Мелкими жуликами и попрошайками он имел свойство обрастать при каждом своем появлении на улице. В их ремесле ему нравилось сплетение правды и лжи, как в ремесле фокусников. Он поддавался их штукам с видимым удовольствием и весь сиял, когда гарсон или торговец какой-нибудь дрянью его обсчитывали. В особенности ценил он при этом наглость – должно быть, видел в ней отсвет бунтарства и озорства. Он и сам, в домашнем быту, не прочь был испробовать свои силы на том же поприще. От нечего делать мы вздумали издавать «Соррентинскую правду» – рукописный журнал, пародию на некоторые советские и эмигрантские журналы (вышло номера три или четыре). Сотрудниками были Горький, Берберова и я. Ракицкий был иллюстратором, Максим переписчиком. Максима же мы избрали и редактором – ввиду его крайней литературной некомпетентности. И вот – Горький всеми способами старался его обмануть, подсовывая отрывки из старых своих вещей, выдавая их за неизданные. В этом и заключалось для него главное удовольствие, тогда как Максим увлекался изобличением его проделок. Ввиду его бессмысленных трат домашние отнимали у него все деньги, оставляя на карманные расходы какие-то гроши. Однажды он вбежал ко мне в комнату сияющий, с пританцовыванием, с потиранием рук, с видом загулявшего мастерового, и объявил:

– Во! Глядите-ка! Я спер у Марьи Игнатьевны десять лир! Айда в Сорренто!

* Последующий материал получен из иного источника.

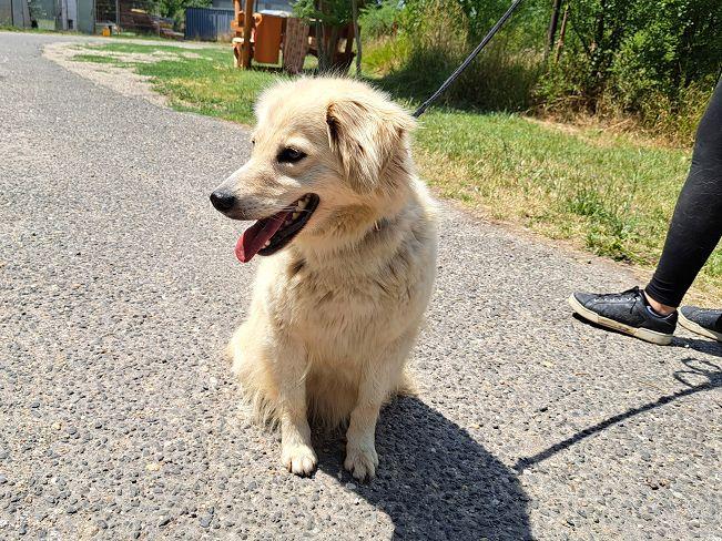 Die geschätzt im Februar 2023 geborene Zoe streunte Anfang Juli 2025 auf der Straße in einem sehr heruntergekommenen Vorort von Cegléd umher, wo es in der Vergangenheit schon zu vielen Beschlagnahmungen von Hunden wegen schlechter Haltung und Vernachlässigung gekommen ist. Eine tierliebe Passantin schaute nicht weg und verständigte das Tierheim, so dass ein Teammitglied die zutrauliche Hündin problemlos anlocken und ins Heim bringen konnte.

Мы пошли в Сорренто, пили там вермут и прикатили домой на знакомом извозчике, который, получив из рук Алексея Максимовича ту самую криминальную десятку, вместо того чтобы дать семь лир сдачи, хлестнул лошадь и ускакал, щелкая бичом, оглядываясь на нас и хохоча во всю глотку. Горький вытаращил глаза от восторга, поставил брови торчком, смеялся, хлопал себя по бокам и был несказанно счастлив до самого вечера.

* * *

В помощи деньгами или хлопотами он не отказывал никогда. Но в его благотворительстве была особенность: чем горше проситель жаловался, чем более падал духом, тем Горький был к нему внутренне равнодушнее, – и это не потому, что хотел от людей стойкости или сдержанности. Его требования шли гораздо дальше: он не выносил уныния и требовал от человека надежды – во что бы то ни стало, и в этом сказывался его своеобразный, упорный эгоизм: в обмен на свое участие он требовал для себя права мечтать о лучшем будущем того, кому он помогает. Если же проситель своим отчаянием заранее пресекал такие мечты, Горький сердился и помогал уже нехотя, не скрывая досады.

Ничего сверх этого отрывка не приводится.